No sólo fue distinguido con la Orden de la Legión de Honor por el presidente de la República, sino que también fue presidente del Sindicato de Actores en los 60. El Festival de Cannes le rindió tributo otorgándole una Palma de Oro honorífica.
En los últimos años sufrió accidentes que lo sometieron a cirugías de las que no sanaría completamente. La mañana del 6 de septiembre de 2021 Jean-Paul Belmondo murió a los 88 años en su casa del número 39, del Quai d'Orsay en el 7° distrito de París. Allí vivió durante unos años, después de haber vivido en una mansión en el 9, rue des Saints-Peres en el 6º distrito de París. Su abogado, Michel Godest, quien anunció la noticia emitiendo un comunicado de prensa a la Agence France-Presse, dijo: «Hacía tiempo que estaba muy cansado. Murió tranquilamente». Al día siguiente, Michel Godest anuncia que el funeral de Jean-Paul Belmondo tendrá lugar el 10 de septiembre a las 11 horas, en la iglesia de Saint-Germain-des-Prés. A nivel de las autoridades políticas, se le rindió un homenaje nacional el día anterior en Los Inválidos, donde el presidente Macron clausuró una ceremonia de despedida con todos los honores, en la que estuvieron presentes la familia del célebre actor, colegas de profesión, figuras políticas y centenares de admiradores. Entre el público asistente se hallaban estrellas actuales del cine francés como Jean Dujardin.

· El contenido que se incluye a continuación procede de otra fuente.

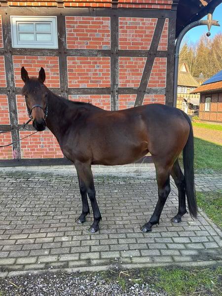 Elegant English Thoroughbred Mare for Sale Up for sale is a stunning dark bay English Thoroughbred mare. With an average height of 15.5 hands, she is the perfect companion for leisure riding and hobby riding. She is very well-behaved and eager to learn new things. Currently, she is housed in a box stall with four other horses. If interested and for further information, please feel free to contact me.

La entrada del ataúd al recinto, cubierto con la bandera francesa, bajo un sol reluciente y el redoble de los tambores militares, suscitó emoción entre la familia del actor. El presidente francés, un confeso amante de las artes escénicas, consideró que perder a Belmondo significó “no solo perder a un gran actor”, sino “una parte de la vida" de los franceses. Tras la ceremonia estuvo previsto que pudieran desfilar ante el féretro todos aquellos que lo deseasen.
1956: Molière, de Norbert Tildian.
1957: A pie, a caballo y en coche (À pied, à cheval et en voiture), de Maurice Delbez.
1957: Les copains du dimanche, de Henri Aisner.
1958: Un domingo maravilloso (Un drôle de dimanche), de Marc Allégret.
1958: Una rubia peligrosa (Sois belle et tais-toi), de Marc Allégret.
1958: Los tramposos (Les tricheurs), de Marcel Carné.
1958: Charlotte et son Jules.Jean-Luc Godard..
1959: Mademoiselle Ange, de Géza von Radványi.